TASK ITEM: Below this line is a set of entries; quote exactly the lines from the line that contains "Creative Medical School" to the line that contains "G2户型 鹭台洋房 三房两厅两卫 建筑面积117㎡", both lines included.

WORKING DATA:
================================

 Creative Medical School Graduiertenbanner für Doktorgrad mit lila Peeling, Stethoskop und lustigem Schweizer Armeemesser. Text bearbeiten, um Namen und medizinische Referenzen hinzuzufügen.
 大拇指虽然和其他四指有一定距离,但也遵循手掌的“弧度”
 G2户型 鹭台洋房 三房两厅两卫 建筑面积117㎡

================================

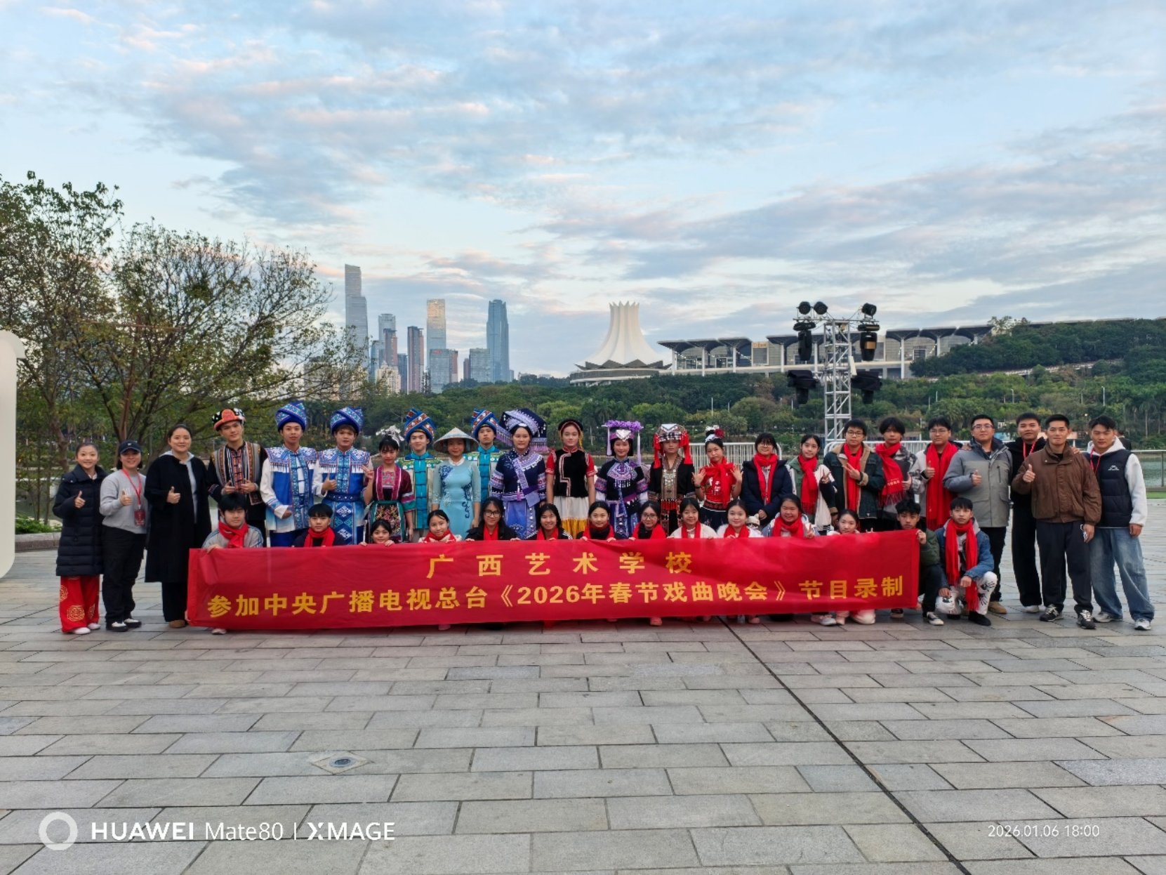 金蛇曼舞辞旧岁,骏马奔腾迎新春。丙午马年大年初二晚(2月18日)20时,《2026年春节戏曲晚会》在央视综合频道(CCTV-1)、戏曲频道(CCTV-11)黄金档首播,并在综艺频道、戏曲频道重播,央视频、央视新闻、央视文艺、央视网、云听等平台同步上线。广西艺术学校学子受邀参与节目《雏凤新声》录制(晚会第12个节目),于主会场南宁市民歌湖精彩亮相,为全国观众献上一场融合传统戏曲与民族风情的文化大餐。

================================

ANSWER TO THIS PROBLEM:
 Creative Medical School Graduiertenbanner für Doktorgrad mit lila Peeling, Stethoskop und lustigem Schweizer Armeemesser. Text bearbeiten, um Namen und medizinische Referenzen hinzuzufügen.
 大拇指虽然和其他四指有一定距离,但也遵循手掌的“弧度”
 G2户型 鹭台洋房 三房两厅两卫 建筑面积117㎡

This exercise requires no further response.